The National Renewable Energy Laboratory this week said that rooftop solar panels have the potential to generate nearly 40 percent of electricity in the U.S. But what about the cost of going solar?
Many people ask when the cost of producing power from solar photovoltaic (PV) panels will be equal to or less than buying from the grid—a point called “grid parity” that could accelerate solar adoption.
But in asking the question, they often compare apples to oranges and forget that the answer varies from place to place and from one type of installation to another.
For example, electricity from utility-scale solar systems (typically large arrays where panels slowly change tilt and orientation to face the sun all day) usually costs less than electricity produced from solar panels fixed on someone’s home. Also, residential electric rates, on average about 12 cents per kilowatt-hour in in the United States, are much higher than wholesale electric rates—the price utilities pay to power generators—which are usually less than 4 cents per kilowatt-hour.
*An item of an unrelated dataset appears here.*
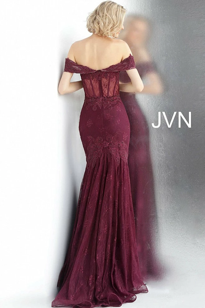 Jovani JVN66981 is a lace Prom Dress, Pageant Gown & Formal Evening Wear. Sheer Lace Corset Embellished with crystal rhinestones. Luxurious Princess style off the shoulder straps. Floral Lace Applique Cascading along the fit & Flare Mermaid silhouette with a lush trumpet skirt and train. absolutely stunning formal event evening gown.  Great wedding Guest Dress of Mother of the Bride / Groom! Perfect for Plus size

At the same time, different states have more or less sun—solar power in Florida is typically more economic than in Alaska, for instance. All of these factors make the question more complicated than people might anticipate.
How, then, can we compare the cost of rooftop solar to the cost of buying power from the local electricity grid and thereby find when which states will hit the point of grid parity?
Putting a Number on Solar Cost
The levelized, or average, cost of electricity from a solar PV array is derived from all the money spent to buy, install, finance and maintain the system divided by the total amount of electricity that system is expected to produce over its lifetime. We call this value the Levelized Cost of Electricity (LCOE) and it’s expressed in terms of dollars per kilowatt-hour ($/kWh). The same metric can be used to determine the cost for a coal or natural gas plant. Planners like it because it reduces the cost of a power plant over a span of many decades into a single number.
Despite the strengths of LCOE as a metric—it is easy to understand and widely used—it has some shortcomings, too. Namely, it leaves out geographic variability, changes with seasons and usually ignores the cost of environmental impacts such as the cost of carbon emissions. This metric is a bit too simple when comparing variable wind and solar generators to power plants that you can turn on and off at will, such as those fueled by uranium, coal and natural gas.